The shadertoy environment provides additional variables, such as the window resolution iResolution and the elapsed time iTime. The shader code is defined with the GLSL ES language, here is an example:

The shader function mainImage is executed very quickly by the graphic card for each individual pixel. This execution is highly concurrent and it is suitable for realtime rendering.

Shadertoy is truely fascinating. Inspired by the possibilities, I wanted more:

• Variables with controllers, and,
• Offscreen rendering, using scripted modulations.

Thus, I had to build my own thing, and the next sections describe how I went about it.

Haskell GameDev

I decided to use the Haskell language to write animation-fractal. I chose Haskell because:

• The expressive type system lets me define and modify every part of the system with the invaluable help of the compiler.
• The tooling provides a great developer experience: REPL with GHCi, editor integration with the haskell-language-server and ghcid for reloading the code. Static analysis tool such as hlint, weeder and calligraphy are also very useful.
• The Haskell community is constantly producing interesting work and I find it fascinating to see such progress in the development of the language.

I previously used Haskell for writting a web service application named monocle, and I wanted to apply Haskell to a different task.

If you are interested in doing Haskell GameDev, checkout haskell-game.dev, and I recommend this blog post: Text-Mode Games as First Haskell Projects.

Vulkan

To execute shader code, you can use either OpenGL or Vulkan.
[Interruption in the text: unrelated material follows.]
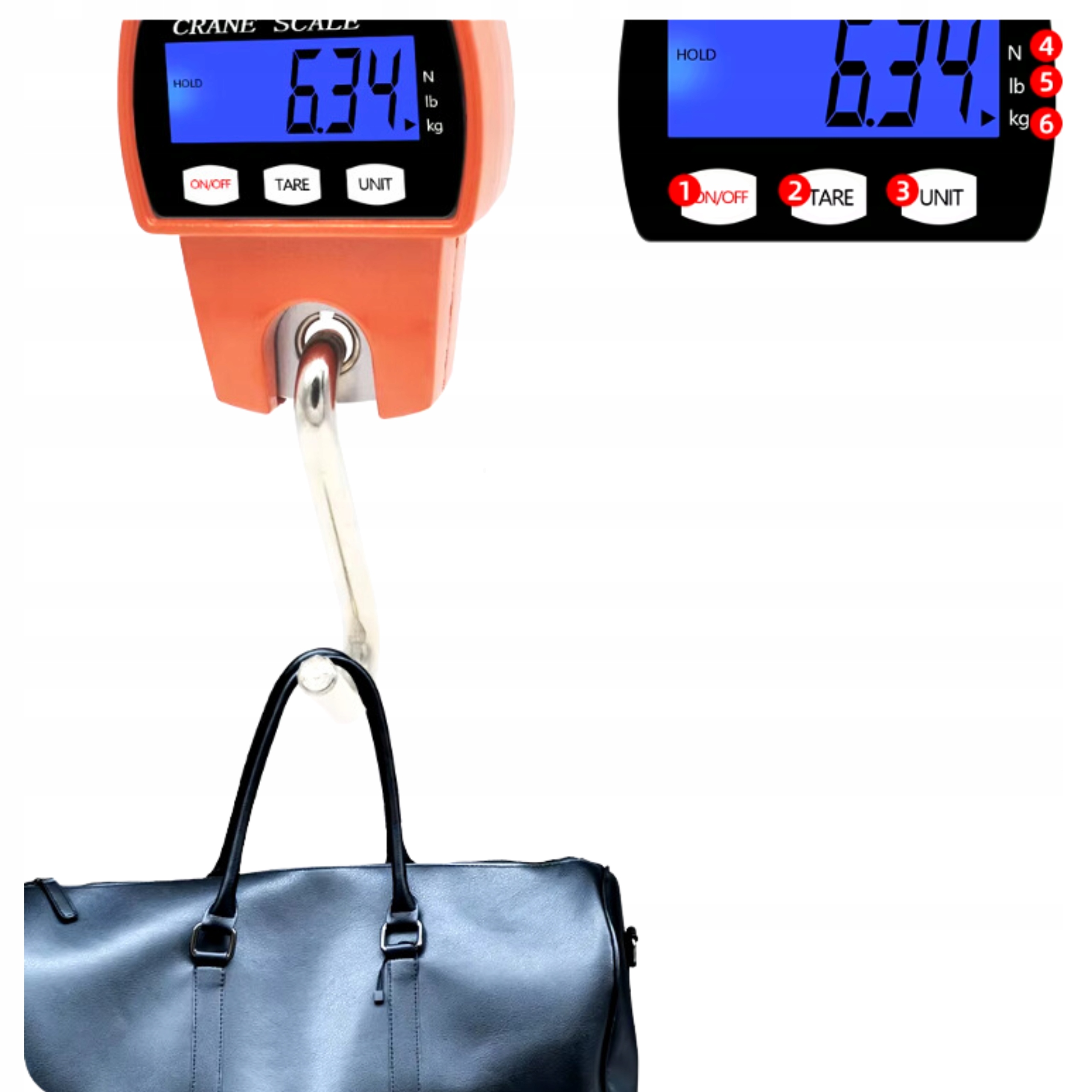 2⃣ Повесьте объект на крючке и дождитесь стабилизации индикации веса. (кг, lb, n) и прочитайте результат на освещенном дисплее.

I picked Vulkan because it is the new standard, and it enables using different shader languages thanks to the new intermediary representation named SPIR-V.

Vulkan is notoriously difficult to use, and writting a bare bone application is overly complicated. Thus I’m relying on the Keid engine to deal with most of the lower level details such as:

• Context initialization.
• Framebuffer creation and presentation.
• Ready-to-use render pass and pipelines.

Keid introduces a concept of stages to define scene resources, event handlers, and how to draw the final image. Even though that sounds simple, you need a good understanding of computer graphics to use the engine. To get more familiar with this system, I implemented the vkguide using Keid in this project: keid-vkguide.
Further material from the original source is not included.